* Your instructions:
Return each line of the listing below, unchanged, and omit the images.

* Supplied information:
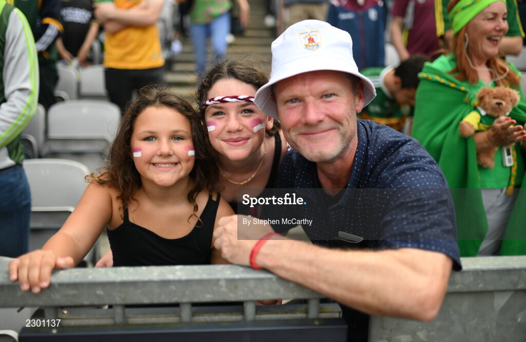 24 July 2022; The Galway supporting Egan family from New York during the GAA Football All-Ireland Senior Championship Final match between Kerry and Galway at Croke Park in Dublin. Photo by Stephen McCarthy/Sportsfile
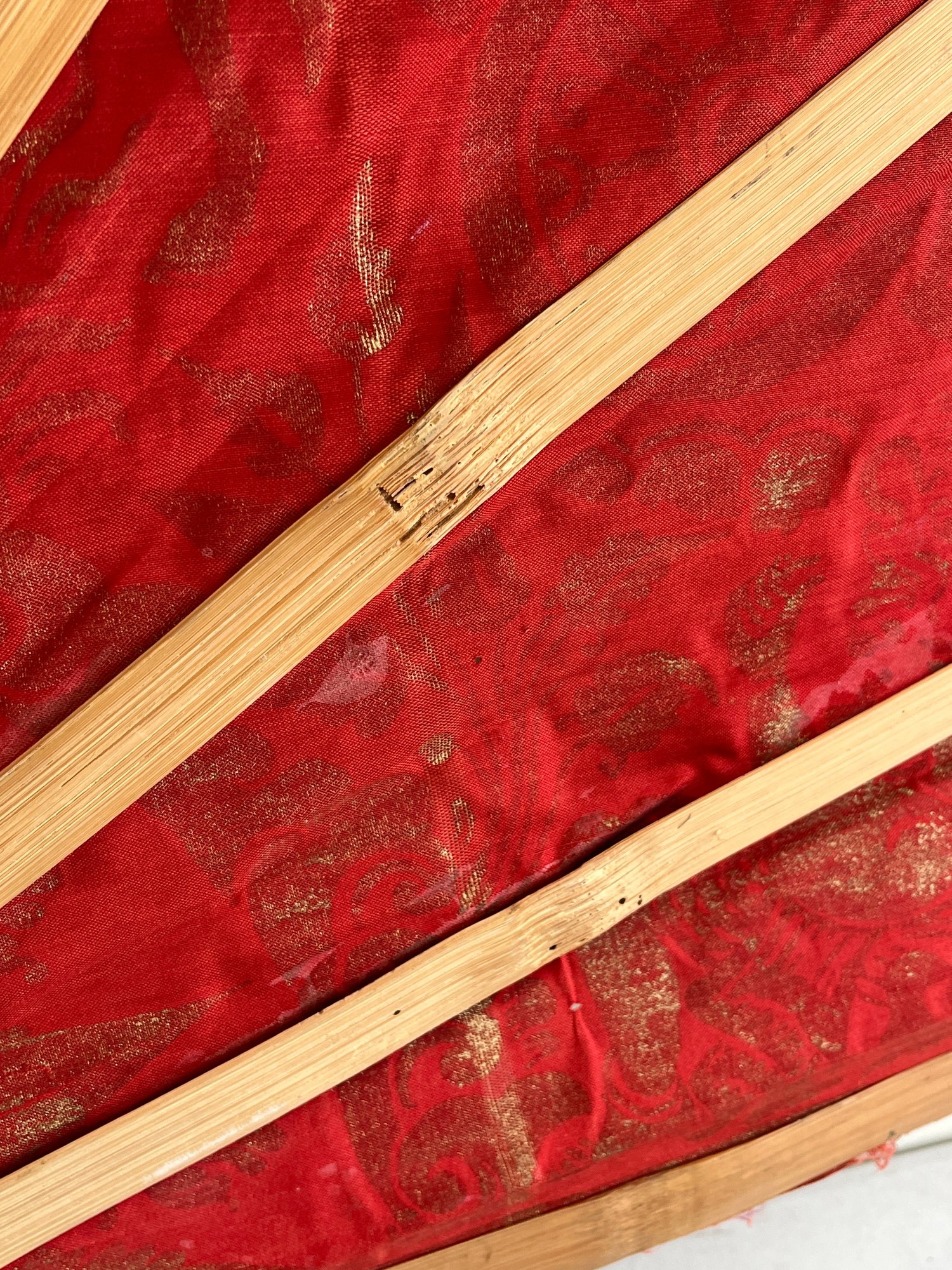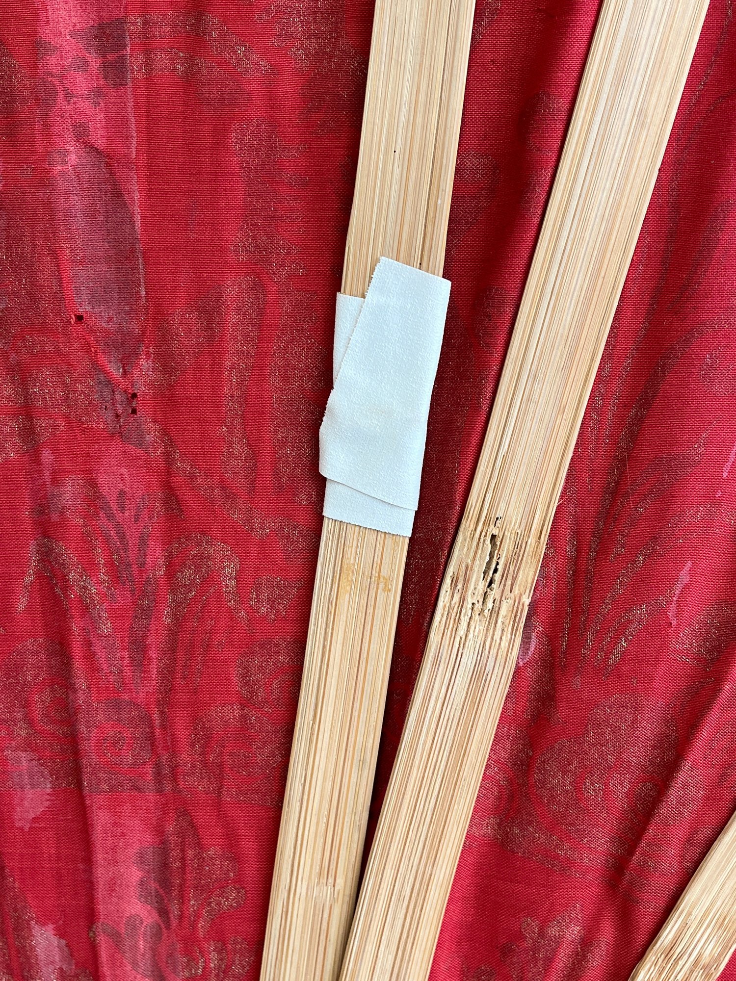 There is some minor splintering of the wooden portion in some areas which have been documented. Some temporary repairs have been made previously to this item with tape, as pictured.
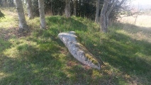 To the west of Metheral Circle is what looks like a ruined kerb cairn. Two of its kerb stones are still standing with other fallen ones where they fell. There seems to be a ruined cist within the center of the cairn.
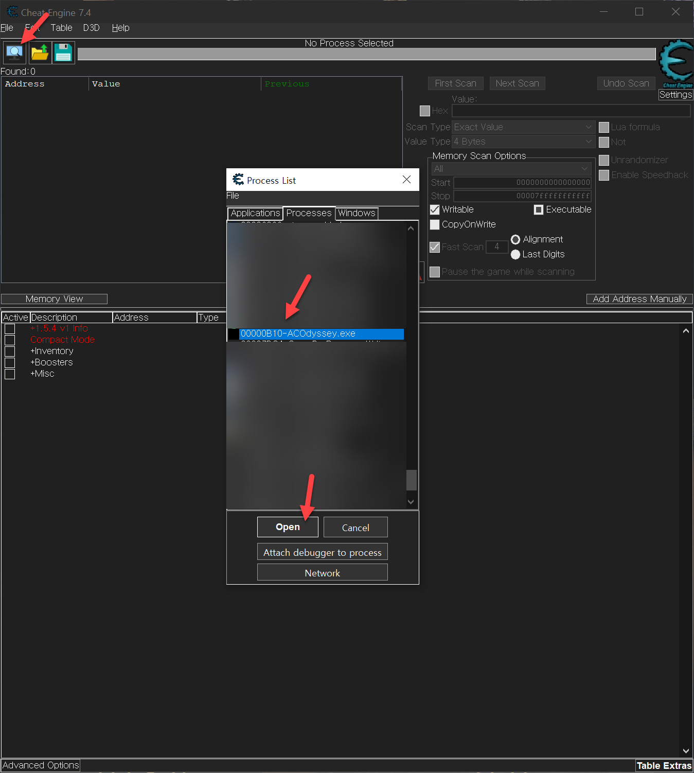 왼쪽 위에 프로세스 선택을 누르고 프로세스 리스트에서 오딧세이 실행파일을 선택하고 open 을 누릅니다

* Problem solution:
 24 July 2022; The Galway supporting Egan family from New York during the GAA Football All-Ireland Senior Championship Final match between Kerry and Galway at Croke Park in Dublin. Photo by Stephen McCarthy/Sportsfile
 There is some minor splintering of the wooden portion in some areas which have been documented. Some temporary repairs have been made previously to this item with tape, as pictured.
 To the west of Metheral Circle is what looks like a ruined kerb cairn. Two of its kerb stones are still standing with other fallen ones where they fell. There seems to be a ruined cist within the center of the cairn.
 왼쪽 위에 프로세스 선택을 누르고 프로세스 리스트에서 오딧세이 실행파일을 선택하고 open 을 누릅니다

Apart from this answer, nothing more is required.